**What to do**
No pictures belong in the result; set down exactly the lines from the one containing "5月27日,河南省南陽(yá" through the final line of the listing, and nothing more.

[Data extract Boundary: Start]

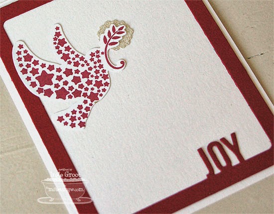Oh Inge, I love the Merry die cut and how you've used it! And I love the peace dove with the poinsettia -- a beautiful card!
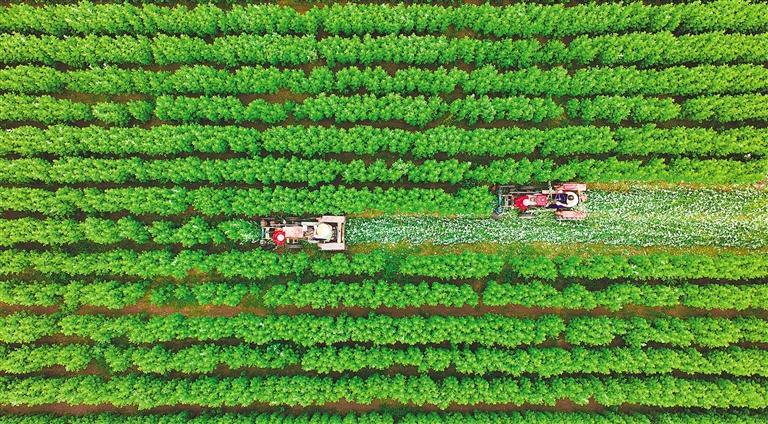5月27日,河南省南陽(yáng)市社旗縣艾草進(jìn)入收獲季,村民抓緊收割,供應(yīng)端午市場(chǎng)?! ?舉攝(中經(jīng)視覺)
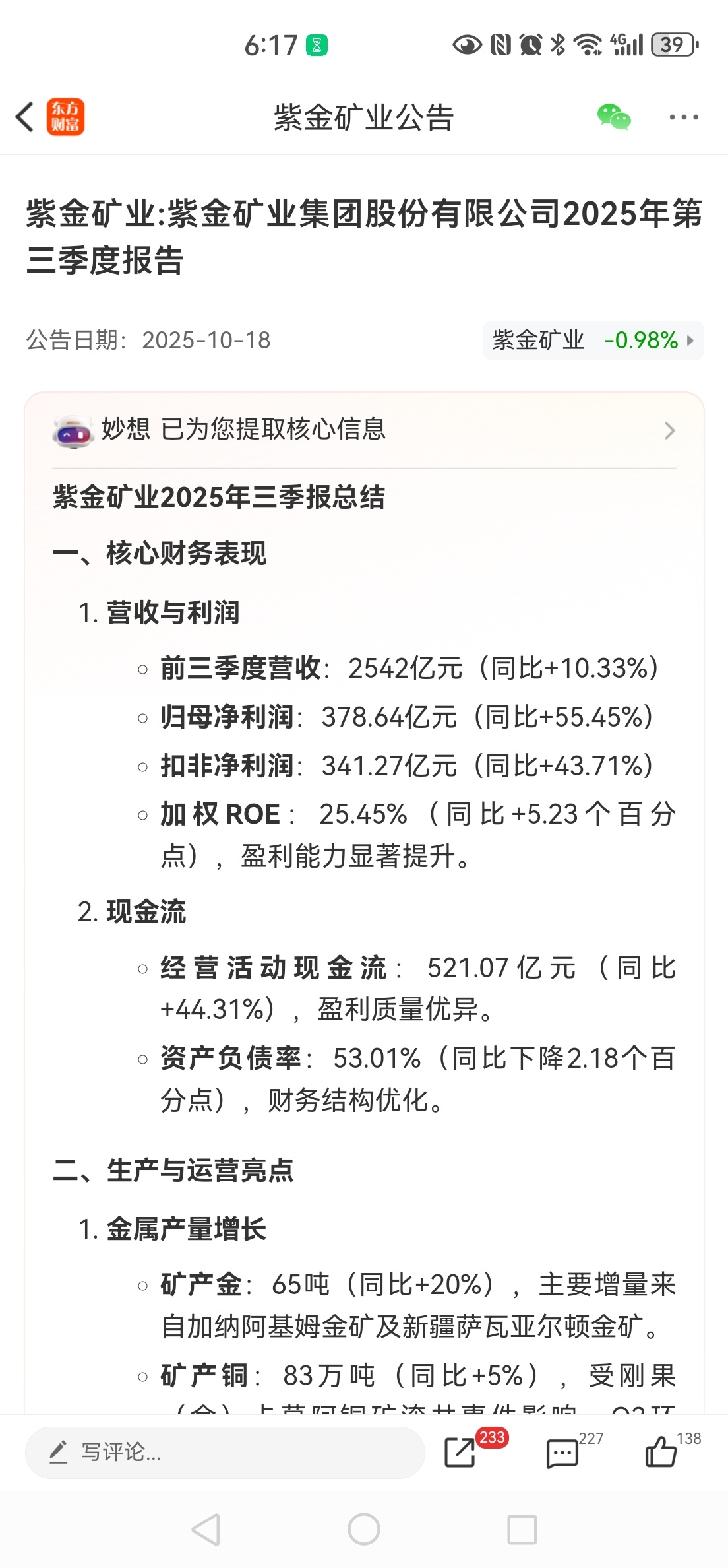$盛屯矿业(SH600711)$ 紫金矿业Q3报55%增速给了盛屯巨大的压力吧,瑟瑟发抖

[Data extract Boundary: End]

**Exercise solution**
5月27日,河南省南陽(yáng)市社旗縣艾草進(jìn)入收獲季,村民抓緊收割,供應(yīng)端午市場(chǎng)?! ?舉攝(中經(jīng)視覺)
$盛屯矿业(SH600711)$ 紫金矿业Q3报55%增速给了盛屯巨大的压力吧,瑟瑟发抖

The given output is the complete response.